Amministratori

Nessun sospetto di incostituzionalità sulla norma

di Andrea Alberto Moramarco

Possono partecipare alle elezioni per la carica di presidente della Provincia soltanto i sindaci dei Comuni della provincia il cui mandato scada non prima di 18 mesi dalla data di svolgimento delle elezioni. La regola, posta dall'articolo 1, comma 60, della legge 54/2014, Riforma Delrio sul riordino delle Province e Città metropolitane, ha carattere precettivo, con la conseguenza che non è possibile la candidatura di sindaci con meno di 18 mesi di mandato residui. A chiarirlo è il Consiglio di Stato con la sentenza n. 744/2017 con la quale i giudici amministrativi hanno ritenuto la disposizione normativa non sospetta di incostituzionalità, in virtù delle sue finalità e della natura di secondo livello dell'organo provinciale.

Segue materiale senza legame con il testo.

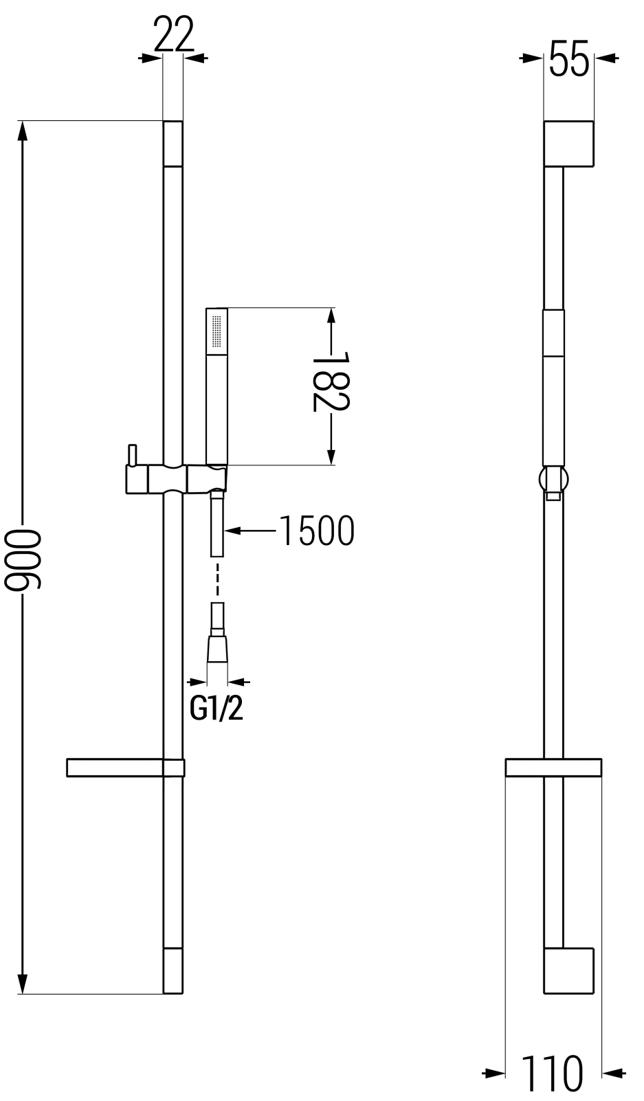 De aansluiting met 1/2" schroefdraad is een algemeen gebruikte standaardcomponent in interne waterinstallaties. Hierdoor is het aansluiten en monteren van de volgende douche-elementen veel eenvoudiger en intuïtiever.

Il tenore testuale della norma
Innanzitutto, afferma Palazzo Spada, l'Ufficio elettorale provinciale non aveva il potere di sindacare il requisito di partecipazione in questione, in quanto estraneo alla propria competenza. D'altra parte, neanche può ritenersi che una disposizione di legge elettorale «possa essere interpretata da un Sottosegretario di Stato mediante un parere», dal recepimento del quale derivi un «vincolo giuridico allo svolgimento da parte dell'Ufficio elettorale provinciale dei propri compiti istituzionali di applicazione delle disposizioni normative». Ciò posto, il Collegio ritiene che, «di fronte al tenore testuale univoco dell'articolo 1, comma 60, della legge 56/2014, non vi sia alcuno spazio interpretativo che possa essere esercitato sia in sede di indizione dei comizi che in sede di valutazione delle candidature».

La conformità costituzionale della disposizione
La decisione del Consiglio di Stato, a ogni modo, è importante per l'analisi della tenuta costituzionale dell'articolo 1, comma 60, della legge Delrio. I giudici amministrativi si chiedono, infatti, se la previsione di un requisito di partecipazione particolare, come quello di almeno 18 mesi prima della scadenza del mandato, «possa comportare una compressione della potenziale rappresentatività degli organi di governo delle organizzazioni territoriali locali, che costituisce esplicazione del principio democratico sancito dall'art. 1 della Costituzione»; o ancora possa «ledere la libertà di associazione dei partiti, essendo relativa esclusivamente a condizioni di candidabilità/eleggibilità».
La risposta a questo interrogativo è, tuttavia, negativa, nonostante l'applicazione della disposizione in esame abbia determinato l'esclusione di ben 52 sindaci sui 61 della provincia, i quali hanno un mandato residuo inferiore ai 18 mesi, nonché escluso la possibilità di scegliere tra candidati di parti politiche differenti.
Per il Collegio la norma non è sospetta di incostituzionalità ed è espressione del principio di buon andamento dell'organizzazione amministrativa, in quanto la ratio della disciplina è quella «di assicurare stabilità all'organo presidente della provincia», evitando di dover ripetere le elezioni prima che sia trascorso un tempo minimo, «contenendo la frequenza delle tornate elettorali e tendenzialmente diminuendo le risorse necessarie allo svolgimento delle competizioni nonché gli eventuali ulteriori inconvenienti che possono presumersi connessi all'esistenza di una campagna elettorale c.d. permanente». A ciò va aggiunto che l'esistenza di un mandato avente una durata minima prestabilita consente di individuare un «indice presuntivo della permanenza di un legame con l'elettorato locale di cui il presidente è stato espressione, e con esso di rappresentatività politica». E, infine, tale potenziale compressione è frutto di una scelta non irragionevole da parte del Legislatore, «considerando che si tratta di eleggere un organo provinciale c.d. di secondo livello e che quindi, in certa misura, l'esplicazione della sovranità popolare e del principio democratico può ritenersi garantita a monte, nel corretto svolgimento delle elezioni degli organi comunali chiamati poi a loro volta a votare quelli provinciali».